* Task objective *
Starting with the line that holds "Assiette en porcelaine" and stopping after the line that holds "And on the other", repeat the lines below word for word, without the pictures.

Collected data

Content starts

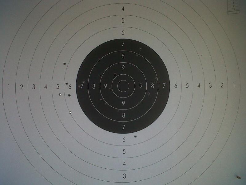 Me fastidió un poco que en los 5 tiros de prueba previos hiciera 2 dieces plenos y 2 nueves, y uno... bueno uno salió por peteneras... Pero los parchearon.
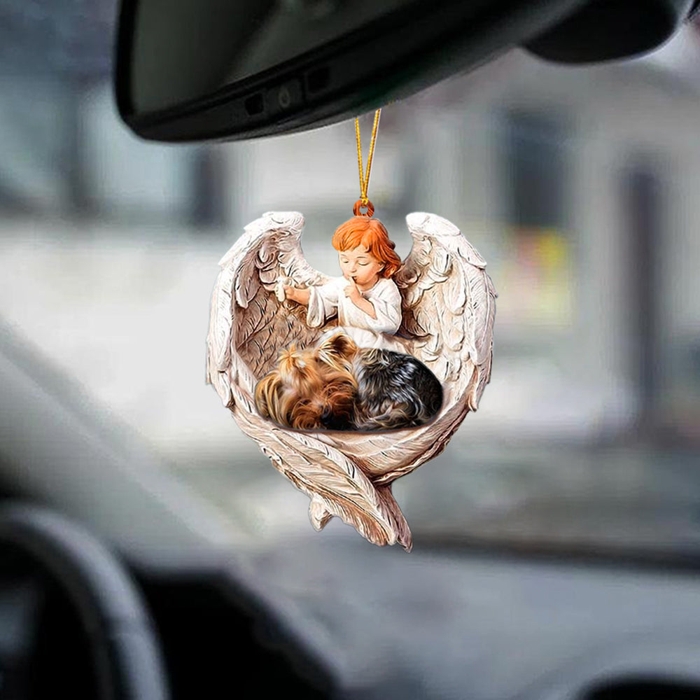 Sleeping Yorkshire Terrier Protected By Angel Car Interior Hanging Ornament OO1062
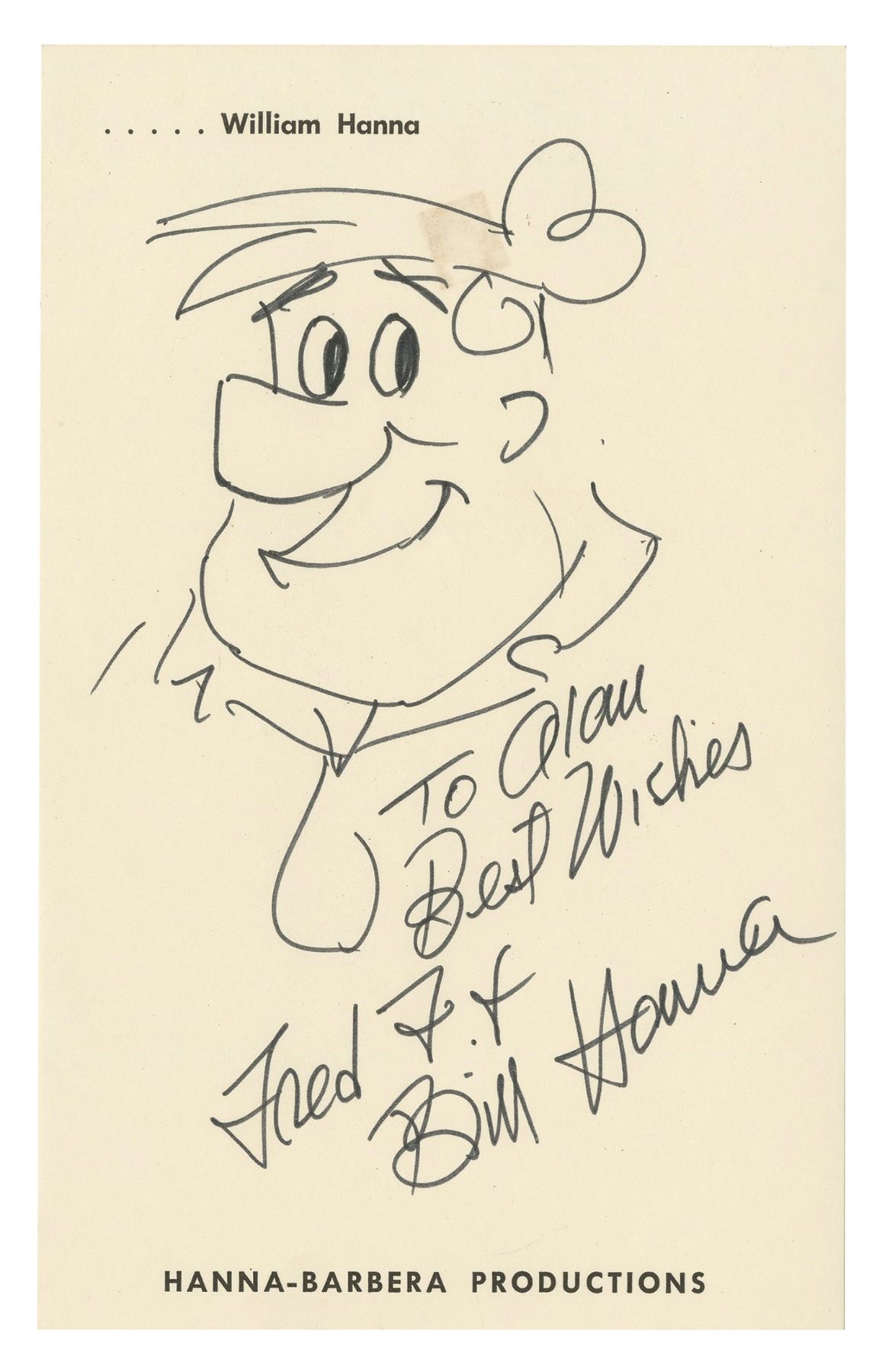 (Hanna-Barbera, c.1980) An original drawing of Fred Flintstone by Hanna-Barbera's own Bill Hanna. Created in ink on Hanna's own studio stationary, the drawing is personalized to a fan, Alan, and measures 8"x5". The condition is very good with minor surface wear.
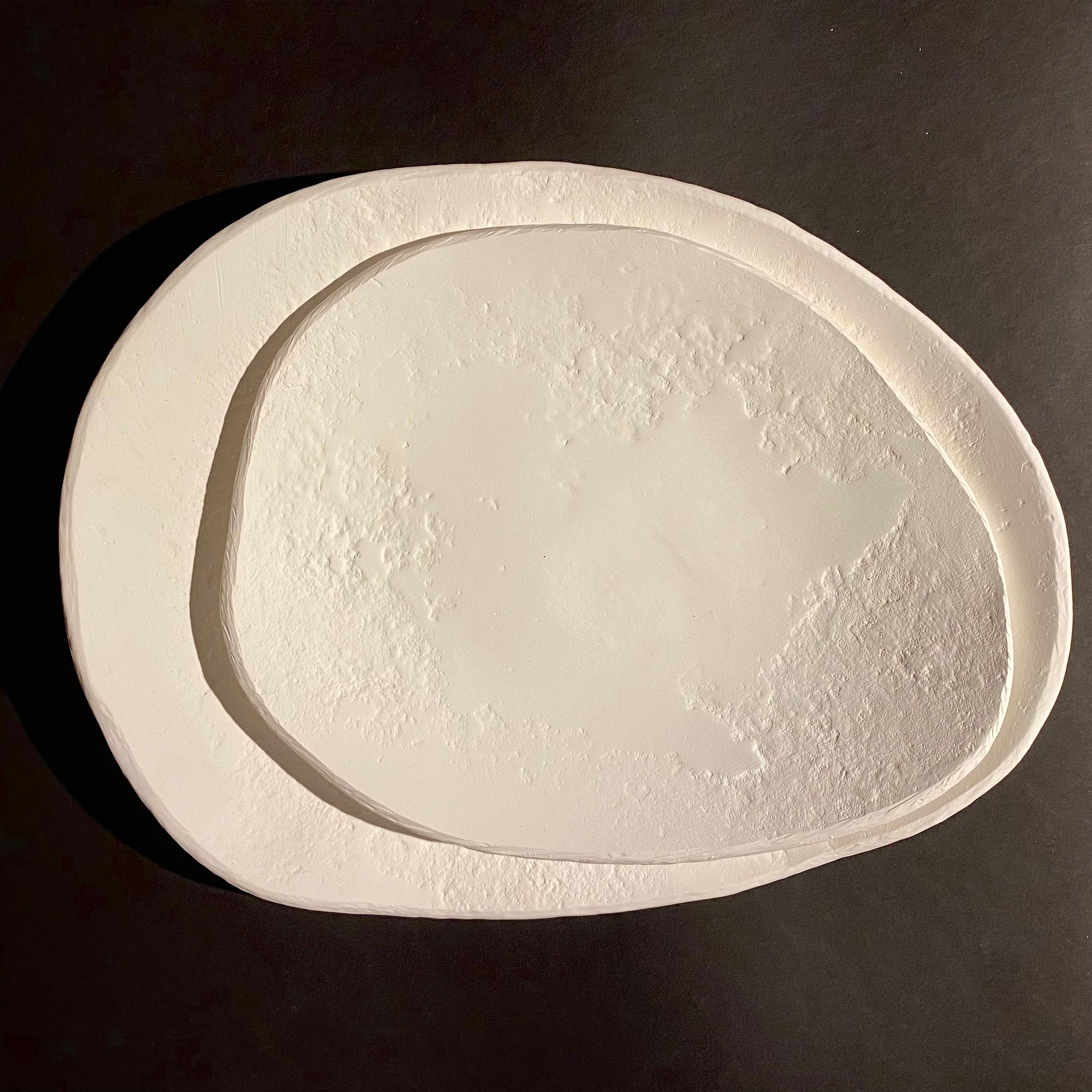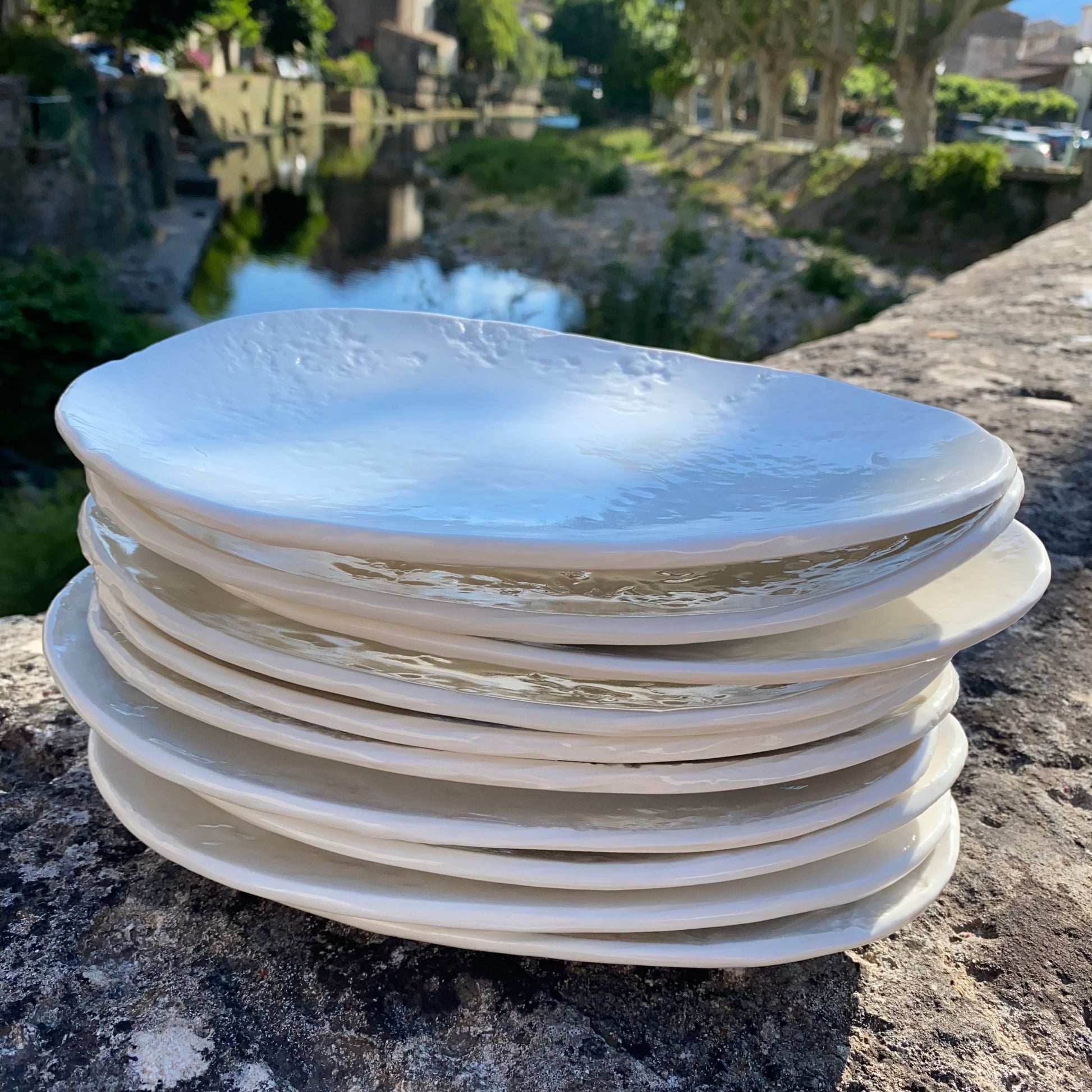 Assiette en porcelaine de 23 cm, faite à la main chez [pɔtʀi]. Blanche comme la nacre des huitres, incurvées et imprimées d'un relief de roche.
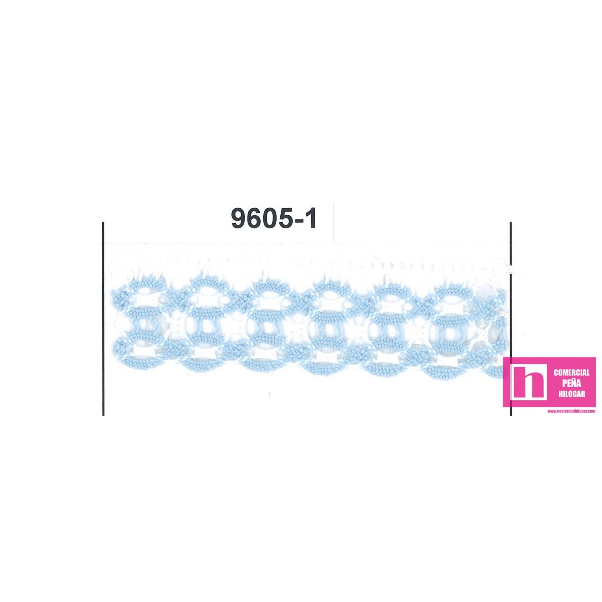 9605-1 PUNTILLA BOLILLO ORAZIO 20 MM. POLIESTER 100% BLANCO/CELESTE Venta en piezas de 25.00 M
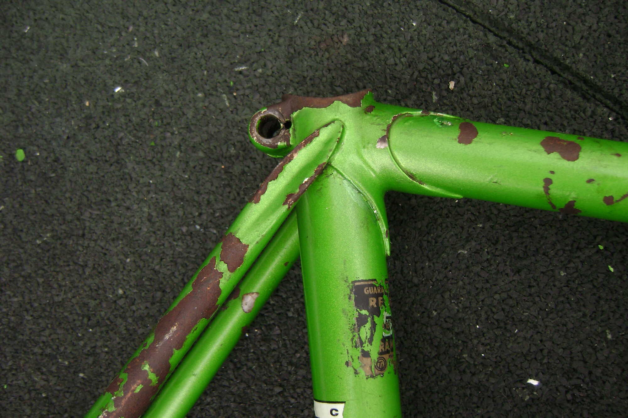 Ik kwam dit jaren 70 racefietsframe tegen. Mooi gemaakt, licht en volgens de sticker van Reynoldsbuis. 27.2 mm zadelpen. Campagnolo patten zonder spatbordoogjes. Vork en frame gemerkt met een 6 of een 9.
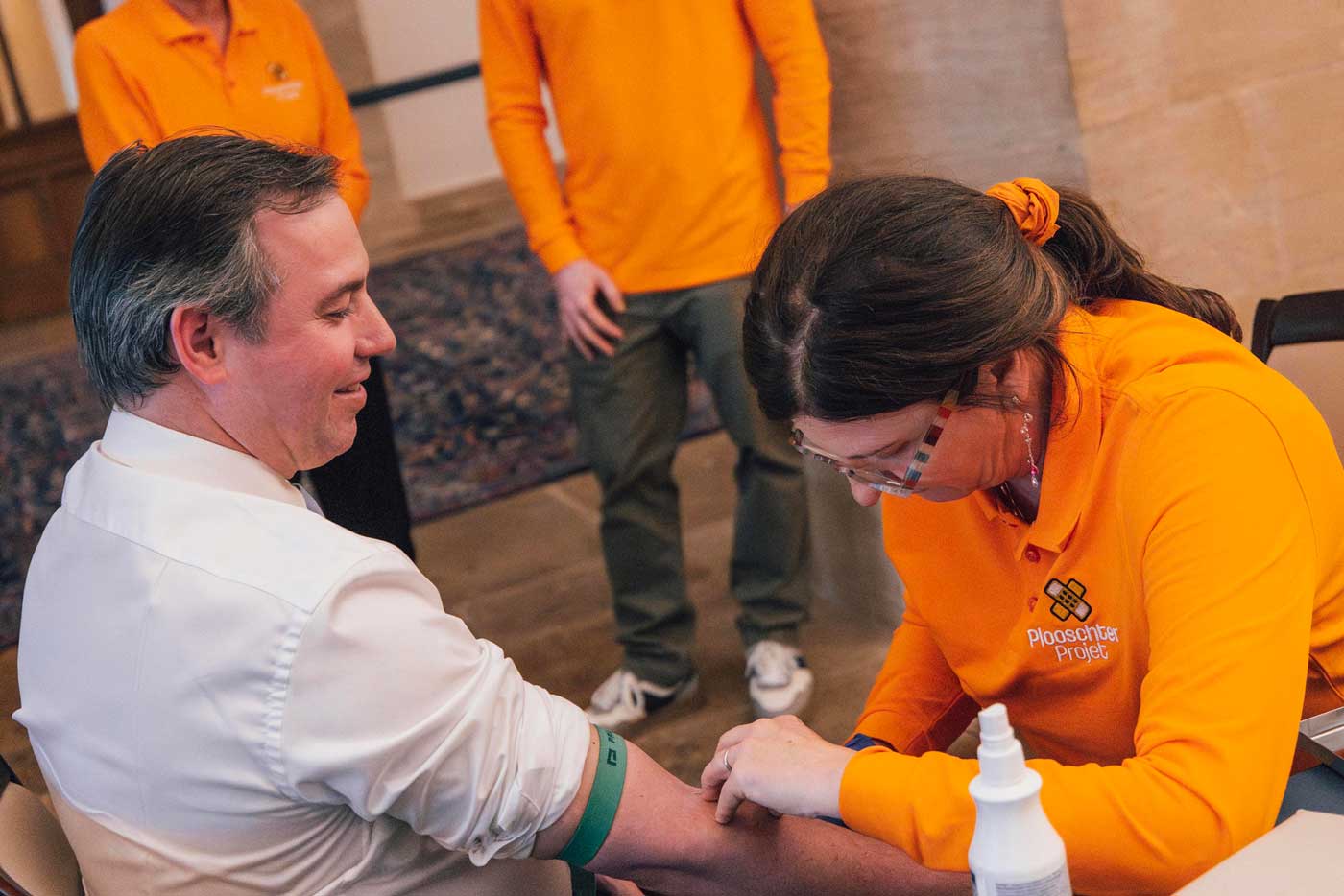 Le grand-duc Guillaume de Luxembourg a accueilli des infirmières et le fondateur du Plooschter Projet. Le grand-duc Guillaume a fait une prise de sang pour s’inscrire dans la liste des donneurs potentiels de cellules souches.
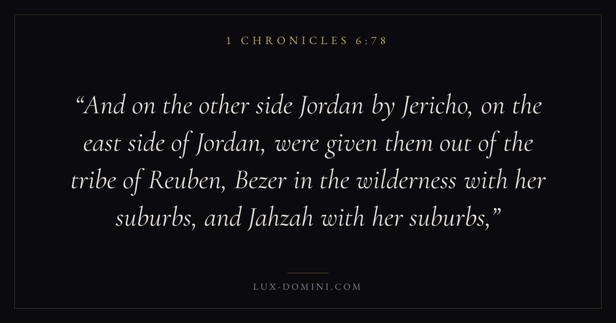 And on the other side Jordan by Jericho, on the east side of Jordan, were given them out of the tribe of Reuben, Bezer in the wilderness with her suburbs, and Jahzah with her suburbs,
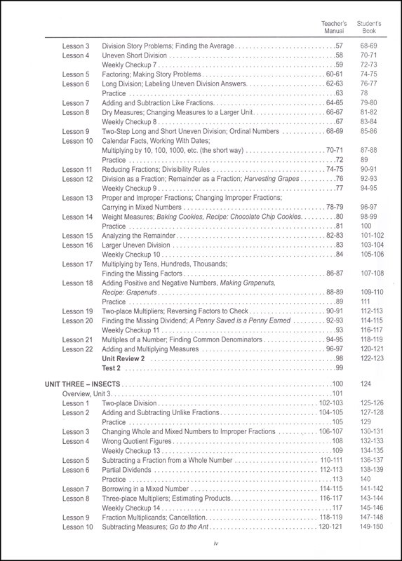 The content of the curriculum is solid and moves at a brisk pace. The lesson sequence is similar to the Saxon methodology in which each lesson presents a different topic and builds on previous lessons. Review is ongoing and found in daily lessons, weekly practice pages, weekly check-ups, and unit reviews - students don't run the risk of forgetting previously learned concepts. Along with math concepts that you would typically expect from your curriculum, students are introduced to math application skills like checking and savings, finding original prices and discounts, record keeping, taxes, and more. When learning about money, the curriculum includes both U.S. and Canadian coins.
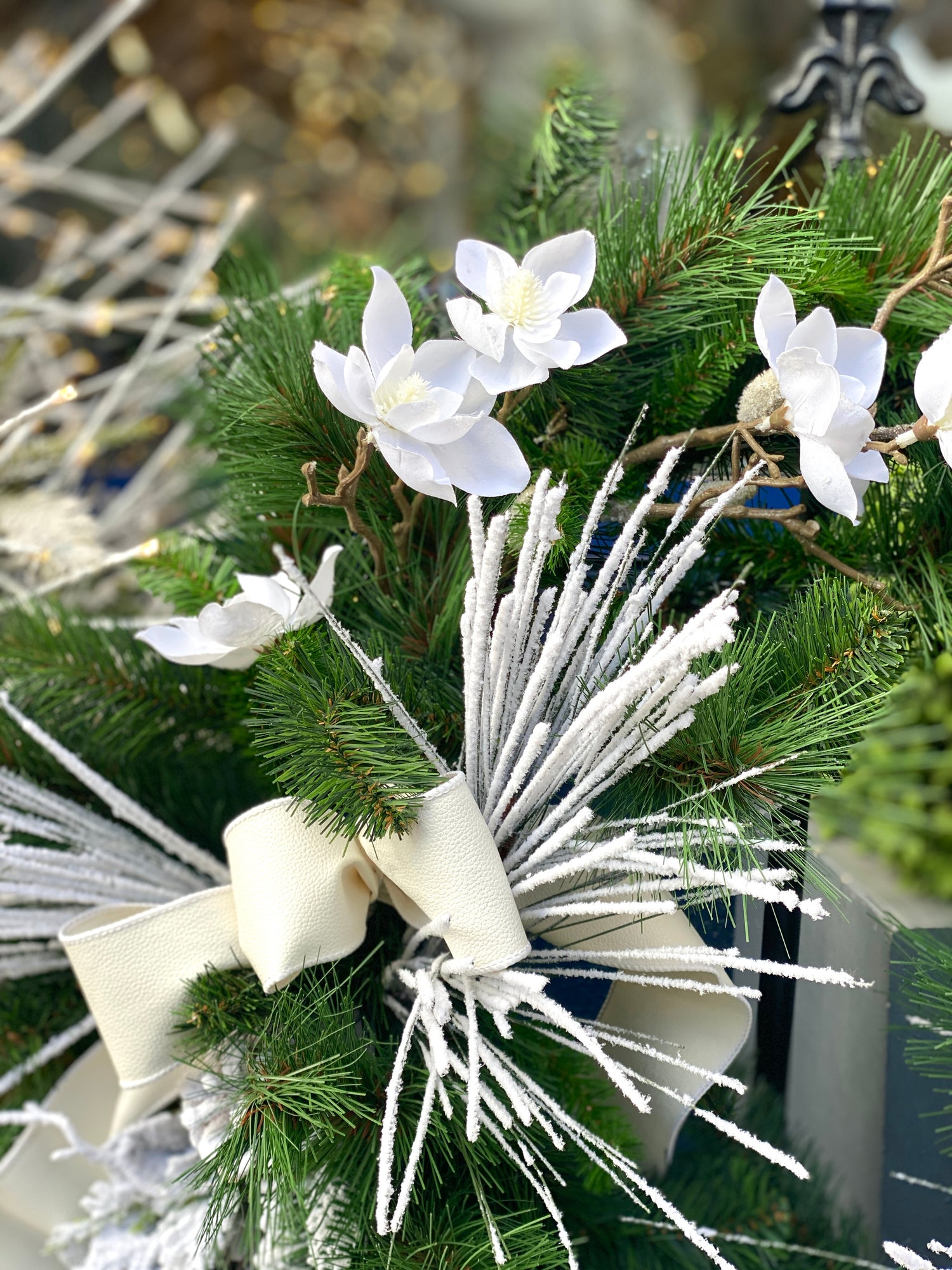 Spice up any wall, door, or entryway with this festive and stunning silk floral design.

Content ends

* Task output *
 Assiette en porcelaine de 23 cm, faite à la main chez [pɔtʀi]. Blanche comme la nacre des huitres, incurvées et imprimées d'un relief de roche.
 9605-1 PUNTILLA BOLILLO ORAZIO 20 MM. POLIESTER 100% BLANCO/CELESTE Venta en piezas de 25.00 M
 Ik kwam dit jaren 70 racefietsframe tegen. Mooi gemaakt, licht en volgens de sticker van Reynoldsbuis. 27.2 mm zadelpen. Campagnolo patten zonder spatbordoogjes. Vork en frame gemerkt met een 6 of een 9.
 Le grand-duc Guillaume de Luxembourg a accueilli des infirmières et le fondateur du Plooschter Projet. Le grand-duc Guillaume a fait une prise de sang pour s’inscrire dans la liste des donneurs potentiels de cellules souches.
 And on the other side Jordan by Jericho, on the east side of Jordan, were given them out of the tribe of Reuben, Bezer in the wilderness with her suburbs, and Jahzah with her suburbs,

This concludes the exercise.